Alec and I stared at one another.
‘Did you know she had Jack’s gun?’ I said. I remembered the stock lists in the attic ante-room and what everyone had told me about Mary Aitken’s grasp on what was where, and I felt pretty sure that she would have known exactly where Jack Aitken’s old service revolver was kept and would have checked to see if it was missing. I felt a moment’s umbrage that she had been happy to send me off looking for a girl who had a revolver and was in a troubled state of mind, but there was no point in making a fuss about what might have been and so I said nothing.
‘You’d think if she was angry enough to shoot anyone, it would have been Hepburn,’ Alec said. ‘Old Mr Hepburn, I mean. She didn’t know him and she’d been brought up with you, by you, and loved you. I’d have thought she’d have gone after the old man.’

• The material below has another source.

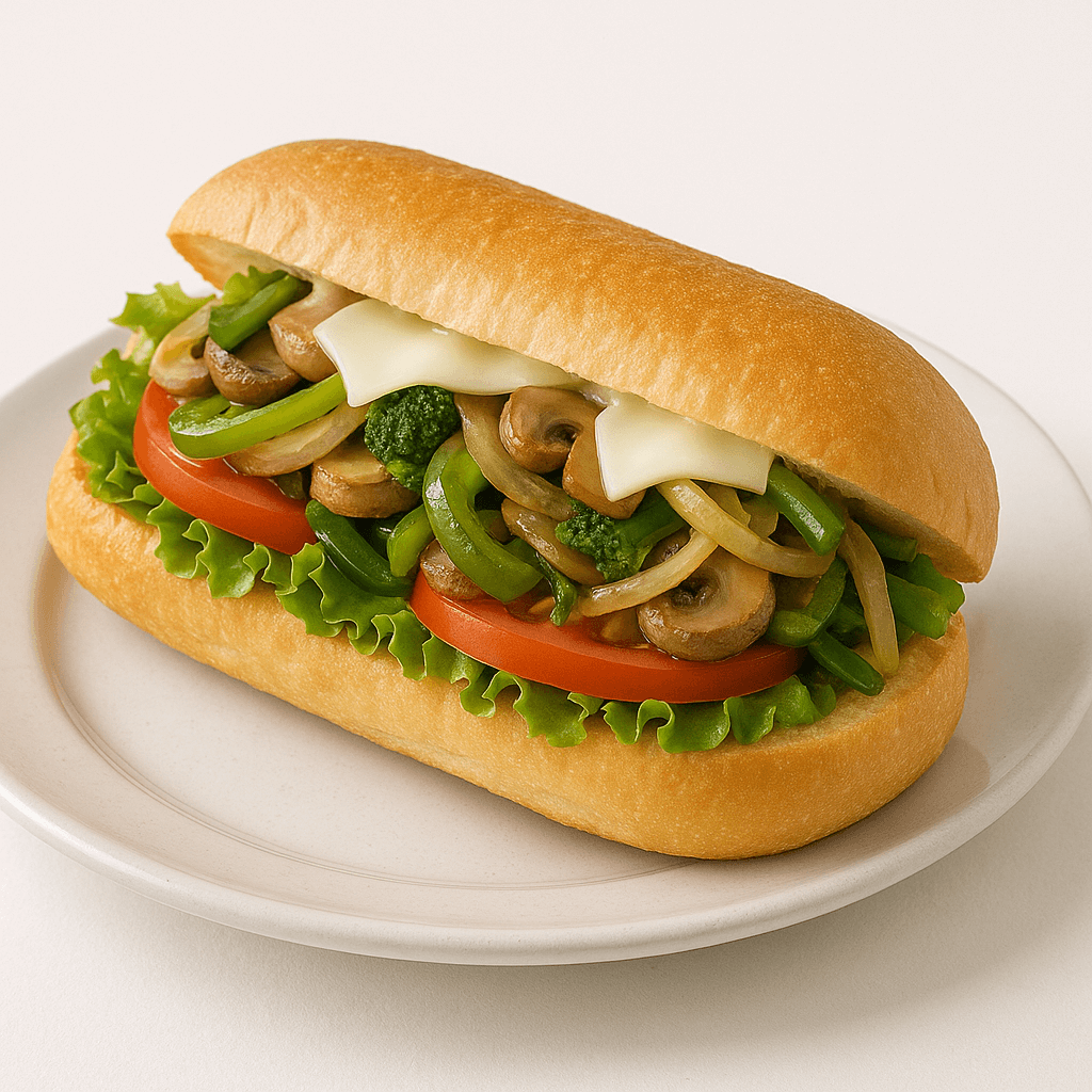 Mushrooms, Onions, Broccoli, Green Peppers, Lettuce, Tomatoes, White American Cheese, and Mayonnaise

‘She did!’ I said. I sat up very straight and said it rather loudly, loud enough to attract the attention of the nurse in the room next door. She came stalking back and with one look at Mary’s pale and tear-stained face she bundled us unceremoniously out of the room, Dr Hill or no. Out on the landing, I grabbed Alec by the arm and hissed at him.
‘She did go after the grandfather, Alec,’ I said. ‘Oh, glory be! This is like finally getting rid of a raspberry seed that’s been stuck in one’s teeth for a month. She wrote to Mr Hepburn. She must have and that’s why he came to the store. On the Monday. To meet her.’

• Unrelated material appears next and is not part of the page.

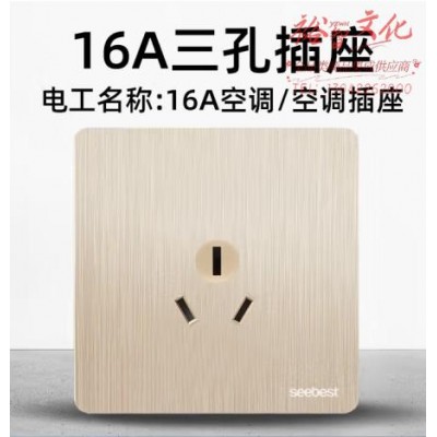 视贝(SEEBEST)16A三孔插座 开关面板高端拉丝金大板香槟金系列 (zhyghf_221723931)SKU:yzwhyp908799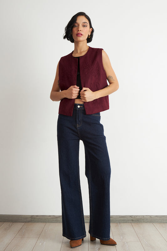 • Vest Tipo Gamuza Bordado Burdeo

‘Old Mr Hepburn?’ said Alec. ‘Her grandfather?’
‘There’s no such person as
old Mr Hepburn
,’ I said. ‘This had been niggling at me like nothing on earth. “Mr Hepburn” is Robert. Robin is “young Mr Hepburn”. Dugald was “Master Hepburn”. That’s why the maid at Roseville sent us to the other house when we asked for Mr Hepburn. And I thought the Emporium girls were talking about Dugald when they mentioned young Mr Hepburn and accused them of changing their story when they denied it a moment later.’
‘So Robert came to Aitkens’ to see Mirren,’ said Alec.
‘Thinking he was coming to see the daughter of his daughter. And I’ll bet that’s when he recognised her. And that’s when he realised that she was also the daughter of his son. I’ll bet you something else too. I’ll bet you it was Robert who suddenly hustled Dugald off to Kelso. Once he had seen Mirren and realised what it meant. I wonder what he said to her while they were together. Rather, I wonder if what he said to her was what made her kill herself.’
‘You think she
did
kill herself then?’ Alec said.
‘Oh, she must have, poor little thing,’ I said. ‘And Dugald didn’t know about the planned elopement and he killed himself too. All alone, both of them. Dammit!’ I turned round and looked at the closed door of Mary’s sickroom. ‘I’m sure Dugald killed himself but I wish I had asked Mary while I had the chance if she knew anything about it. Remember I told you how agitated she was about the lift man coming.’ Alec nodded and then put his fingers to his lips and a hand behind his ear. I listened too and could hear water running in the little side-room. Very quietly, I opened the bedroom door again and crept back to Mary’s bedside. I could see the nurse’s back, as she filled a hot water bottle from a kettle and topped it up with cold water from the tap. I turned to Mary.
‘Mrs Aitken,’ I said in a low voice. ‘The day of Mirren’s funeral, did you know or even suspect that Dugald was in the store?’ She shook her head and looked so surprised at the question that I had no hesitation in believing her. ‘You didn’t guess what was wrong when the lift went wonky that way?’ Another shake of the head. I patted her hand and smiled, then glanced at the nurse again. Evidently she had made the bottle too hot or too cold and was emptying it out again to refill it. She had wrapped a cloth around its neck to catch the drips. What a fusspot, I thought, but however fussily she carried out the task, it was almost complete and I did not want to get caught by her. I bent and kissed Mary Aitken’s forehead, then stole out again and rejoined Alec on the landing.